To investigate whether the reduced cancer-specific survival of patients exposed to VGSC-inhibiting anticonvulsants is attributable to their Na+ current-inhibiting action, we considered the impact of two other drug groups: (1) anticonvulsants that do not target VGSCs and (2) drugs that target other types of Na+ channels, independent of VGSCs. One-third (n=46 017, 34.6%) of patients had a prescription for a non-VGSC-targeting anticonvulsant, and 7% (n=9256) for a non-VGSC-targeting Na+ channel blocker (online supplemental table 1). For both drug groups, there was a higher proportion of deaths (from any cause) among those exposed than among those not exposed, and this was true when cancer was considered among the causes of death (online supplemental table 4). Among those who died, patients exposed to a non-VGSC-targeting antiepileptic medication were more likely to die with any cancer as an underlying cause than unexposed patients (71.1% vs 57.7%); whereas patients exposed to a non-VGSC-targeting Na+ channel blocker were less likely (51.7% vs 64.1%). Exposure to both drug groups was associated with increased risk of cancer-specific mortality (HR 4.60, 95% CI 4.51 to 4.70, p<0.001 for non-VGSC-inhibiting anticonvulsants; and 1.42, 95% CI 1.35 to 1.49, p<0.001 for non-VGSC-inhibiting Na+ channel blockers; online supplemental figure 3A,B; table 5). Findings are presented by drug class in online supplemental table 5.

Table 5.

Estimates of the relationship between exposure to non-VGSC-inhibiting anticonvulsants, non-VGSC-inhibiting Na+ channel blockers and cancer-specific mortality

Cancer-specific mortality (underlying cause) Non-VGSC-inhibiting anticonvulsant Non-VGSC-inhibiting Na+ channel blocker
HR (95% CI) P value HR (95% CI) P value
Scenario 1 2.98 (2.92 to 3.04) <0.001 1.25 (1.21 to 1.30) <0.001
Scenario 2 3.60 (3.53 to 3.68) <0.001 1.32 (1.26 to 1.39) <0.001
Scenario 3 4.60 (4.51 to 4.70) <0.001 1.42 (1.35 to 1.49) <0.001
Open in a new tab

VGSC, voltage-gated sodium (Na+) channel.

Discussion

This study shows that exposure to VGSC-inhibiting drugs (anticonvulsants, local anaesthetics and tricyclic antidepressants) in patients with breast, bowel and prostate cancer is associated with a statistically significant increased risk of death from cancer.
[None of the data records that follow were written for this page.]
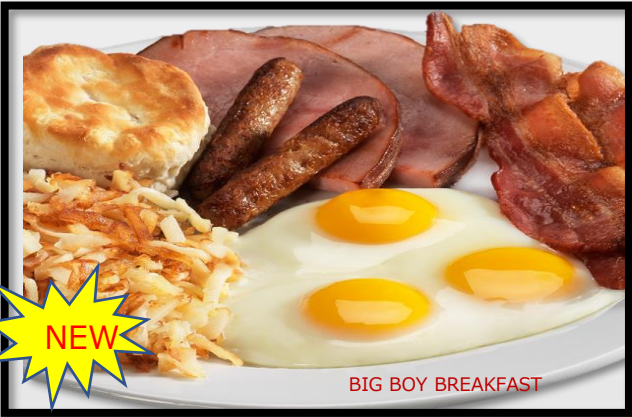
BIG BOY BREAKFAST

A juicy, tender 6 oz. seasoned USDA Choice steak and two fresh eggs cooked to order. Served with a choice of breakfast potatoes and toast or pancakes. 14.99
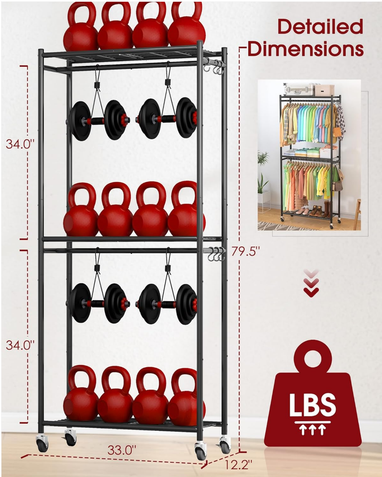
Image: A visual representation of the clothes rack's dimensions (33.0" W x 12.2" D x 79.5" H) and its robust load capacity, illustrated with weights.
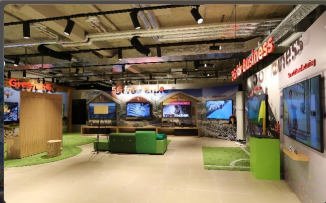
5G Joint Innovation Centre Zurich, Switzerland
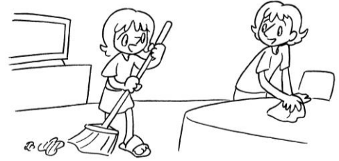
help with the housework
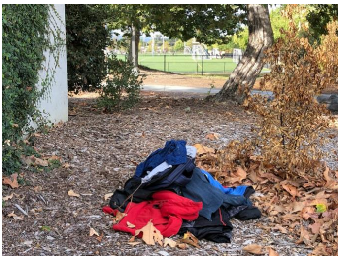
Homeless encampment #2 near the soccer fields
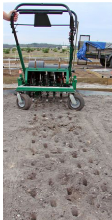
Figure 4. Plug aeration can be used to improve drainage in compacted soils with minimal effect on established plant roots or turfgrass.

3. Plug aeration is frequently used to reduce compaction and improve drainage and aeration in large turf areas, like golf courses and athletic fields. It is not as effective as shallow tillage, but offers a safe alternative in existing landscapes (Figure 4).
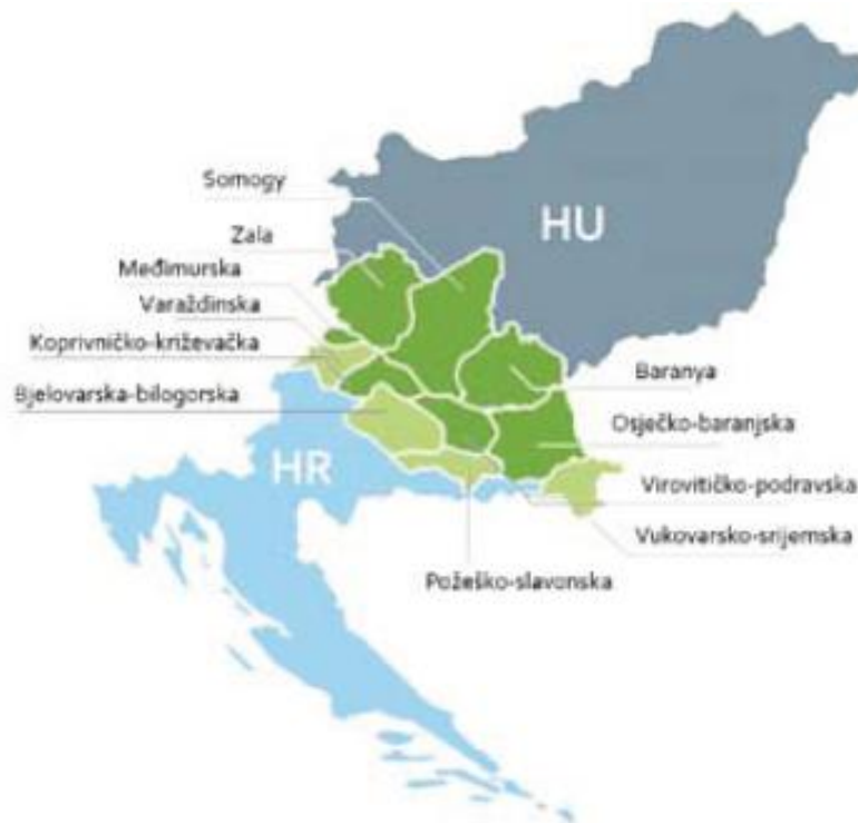
Fig.3. Cross-border areas of Figure Hungary and Croatia covered by the UNIREG IMPULSE project

This risk is elevated for patients who were exposed to this class of medication before, as well as after, their cancer diagnosis. In addition, both non-VGSC-targeting anticonvulsants and non-VGSC-targeting Na+ channel blockers are associated with significantly increased risk of death from cancer. Notably, the risk of death from cancer is approximately two times higher for non-VGSC-targeting vs VGSC-inhibiting anticonvulsants. In contrast, VGSC-inhibiting antiarrhythmic medications display a different pattern, and are associated with moderately improved cancer-specific survival. When subdivided according to the updated Vaughan Williams classification, class 1c and 1d VGSC inhibitors (which have slow receptor association/disassociation, producing persistent current block) are associated with significantly improved cancer-specific survival in several scenarios.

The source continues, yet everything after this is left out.